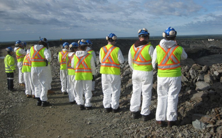 Second year Queen's University mining engineering students on a field trip to an open-pit mine in northern Ontario. Courtesy of Laeeque Daneshmend
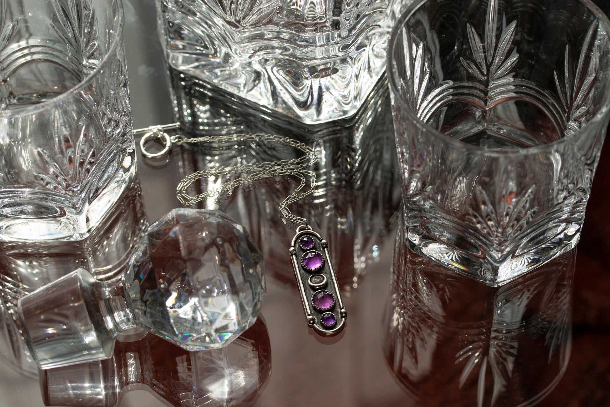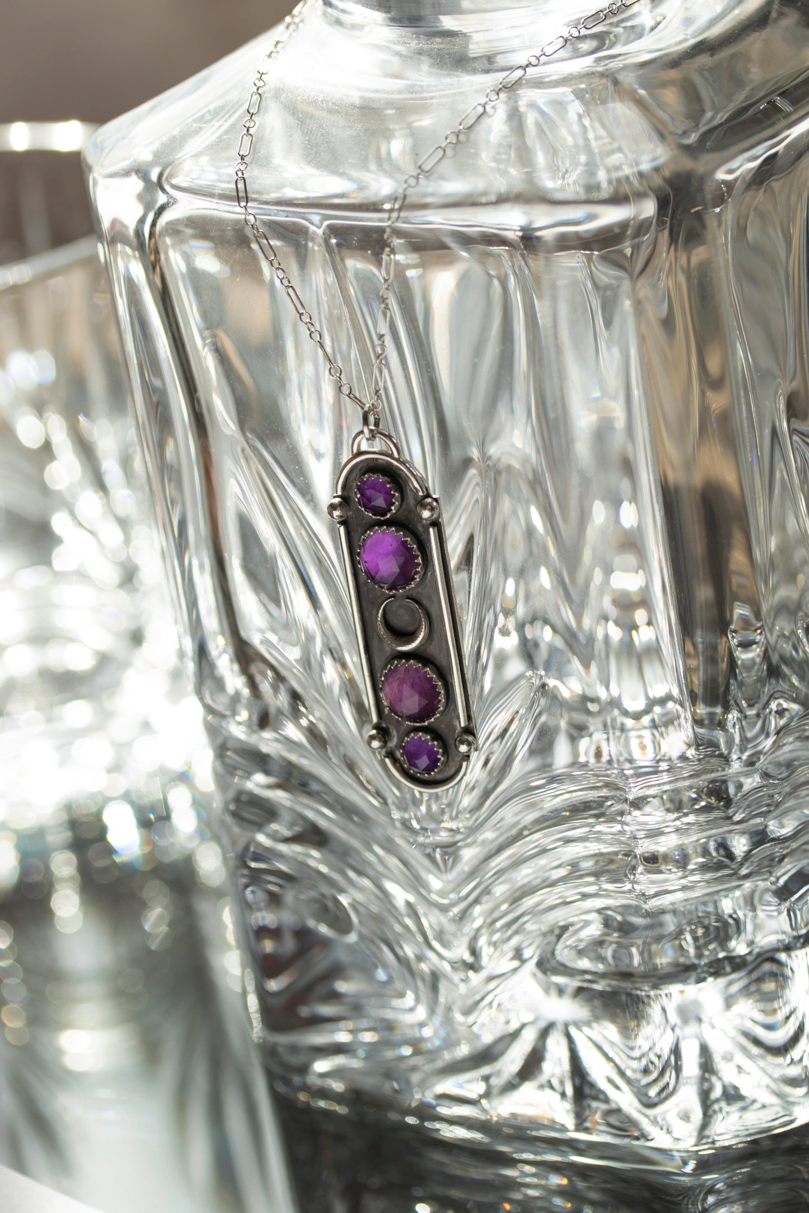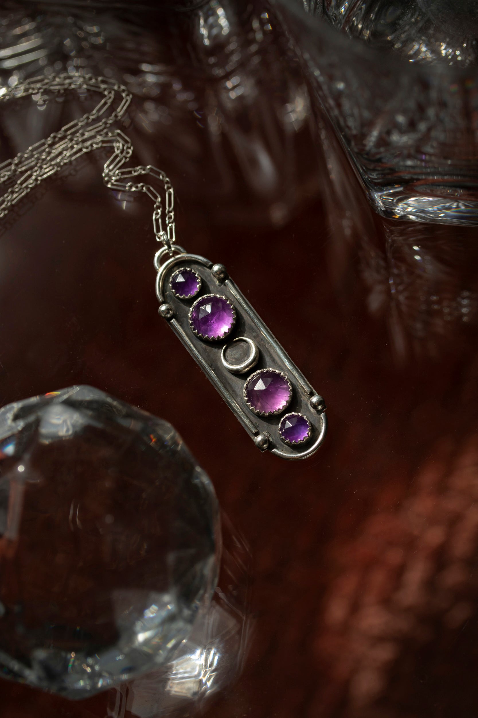 Handmade sterling and fine silver vintage inspired necklace with four amethysts and sterling silver moon detail
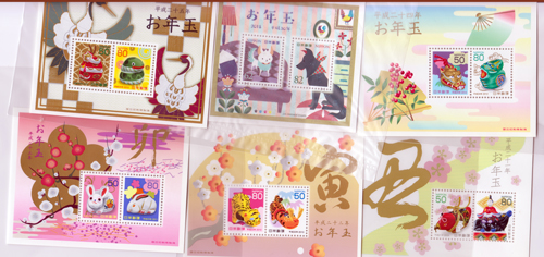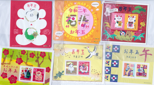 年賀状お年玉くじ 当選で妻が郵便局へ交換に。今年はシート4枚当選です。毎年数枚当たるので、コレクションしています。
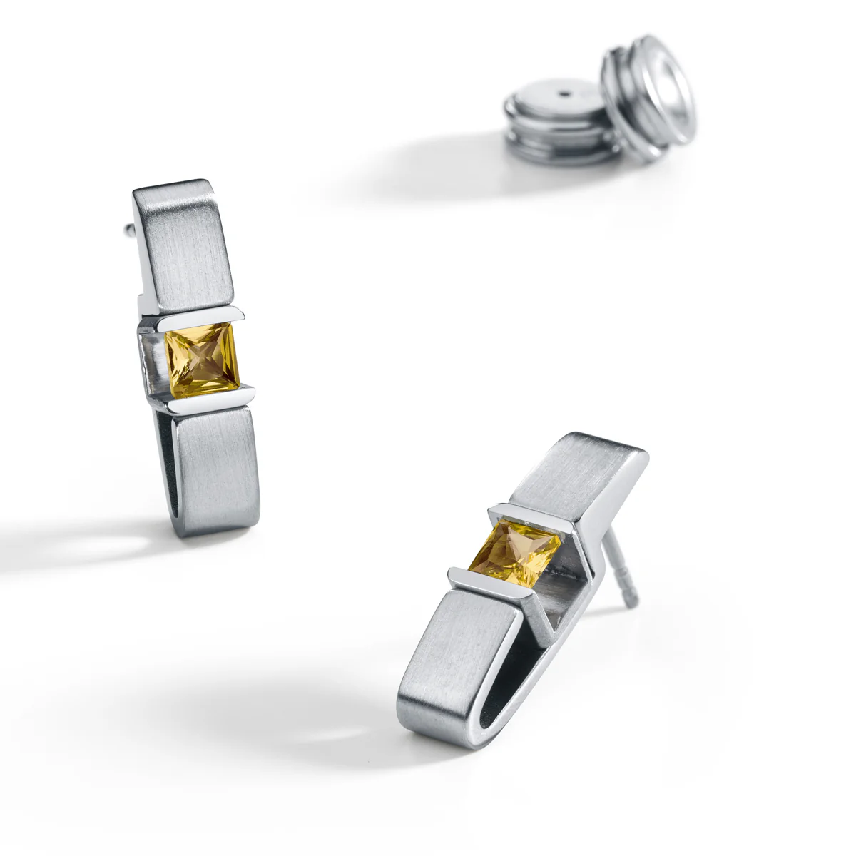 Farbedelsteinohrstecker CUBE+ Edelstahl mit Humphrey Ohrpatent
════
(Task objective) Starting at the line that holds "年賀状お年玉くじ 当選で妻が", copy each line exactly through the end of the material above, keeping both ends and dropping the pictures.

(Answer section)
 年賀状お年玉くじ 当選で妻が郵便局へ交換に。今年はシート4枚当選です。毎年数枚当たるので、コレクションしています。
 Farbedelsteinohrstecker CUBE+ Edelstahl mit Humphrey Ohrpatent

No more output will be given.